Scriptures tell two stories teaching the profound challenge of linguistic diversity that we have long ignored. The people of Babel, ambitioning to build a tower that would reach heaven, failed because God, punishing their pride, sent them a plague of different languages so that they could not communicate to finish the task. In the New Testament, as a parting blessing on the Ascension of Jesus, the Holy Spirit descended upon the disciples, touching them with tongues of fire and enabling them to speak in foreign languages, preparing them for their mission to spread the Word of God.

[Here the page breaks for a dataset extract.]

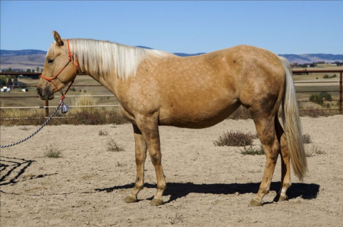 This is where beauty and versatility meet. Show stopping good looks with that gorgeous double mane, strong build, and a brain to match. Don’t let her papers fool you, although she’s bred to run she is ready to work in any direction you choose. Goldie is highly intelligent and will excel in any or many disciplines. She’s the kind that could win you all around titles or be the perfect partner on the ranch. She is ready to start her journey as a riding horse and would also make a great addition to any breeding program.
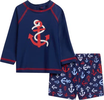Say 'ahoy' to your little matey with a long-sleeve rashguard paired with matching swim trunks.

For the architects of the Babel tower, the multiplicity of languages was a punishment, a curse. In the Ascension narrative, the capacity to speak in diverse languages was a gift, a grace. Our experience more closely approximates Babel. Still, we can appreciate why linguists mourn the inevitable death of languages when the community of native speakers dwindles down, and their children are no longer learning their mother tongue.

Waiting to clear procedures for medical consultation, I saw an old lady struggling to complete the form required for entry into the hospital. She was clearly not literate and the young girl accompanying her barely so. The hospital did not have the staff to help her; the caretaker of another patient had to help. It reminded me of a friend, rushing to donate blood needed for immediate transfusion, finding herself stymied by the form required to clear her as a donor. Educated in “elite” schools, she had earned a Ph.D. abroad. Her problem? The questionnaire was in Filipino, which was her mother tongue.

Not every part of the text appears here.